The PI plans to study a number of aspects of the Weil-Petersson geometry of the Teichmuller space of a surface, and its connections to the theory of 3-manifolds and more broadly to group actions in other settings. Recent work of the PI and coauthors has shed some new light on the study of the geodesic flow of the Weil-Petersson metric on Teichmuller space, and its connection to the structure of fibered 3-manifolds. With these results in mind, the PI plans a more detailed study of the coarse structure of the Teichmuller space as made visible by the cubical and metric structure of its asymptotic cone.
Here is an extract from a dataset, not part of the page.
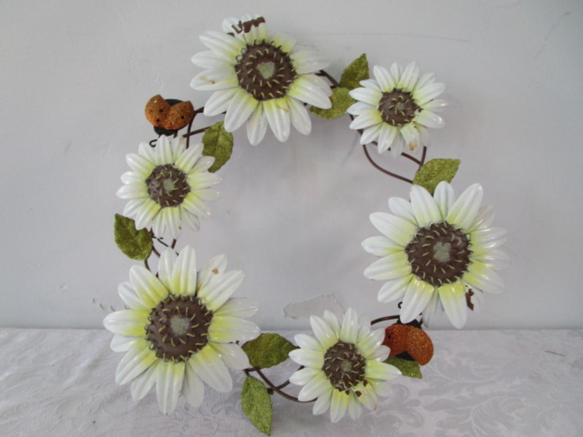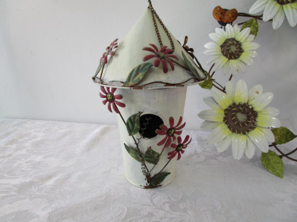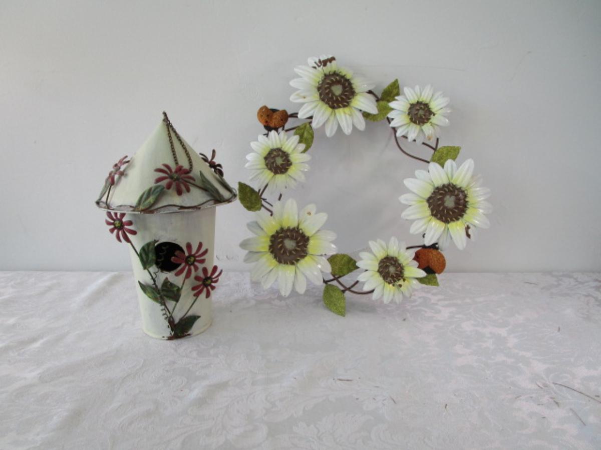 Wreath is 15-1/2" across, birdhouse is 10" tall See pictures

This point of view suggests interesting questions about minimal surfaces in the Teichmuller space, and avenues toward resolving the visibility problem for the WP geodesic flow. New connections of Weil-Petersson geometry to the structure of fibered 3-manifolds and Thurston's norm on homology hint at deeper structure which the PI plans to investigate. In the theory of 3-manifolds, the deep interaction between decompositions along surfaces, structure of curve complexes and mapping class groups, and hyperbolic geometry continues to provide challenging questions. The PI will work on developing a more complete theory for canonical decompositions of 3-manifolds, focusing on the interactions of Heegaard splittings, fibrations and subsurface projections. He will study the problem of finding uniform models for hyperbolic manifolds and obtaining a priori bounds on skinning maps. The setting of Heegaard splittings and handlebodies connects to a new approach on character varieties of free groups, via a technique of graph folding in hyperbolic space. Additional projects (some with students) include the study of hierarchically hyperbolic spaces, mapping class groups of infinite-type surfaces, and relations between hyperbolic earthquakes and the Teichmuller horocyclic flow.
This award reflects NSF's statutory mission and has been deemed worthy of support through evaluation using the Foundation's intellectual merit and broader impacts review criteria.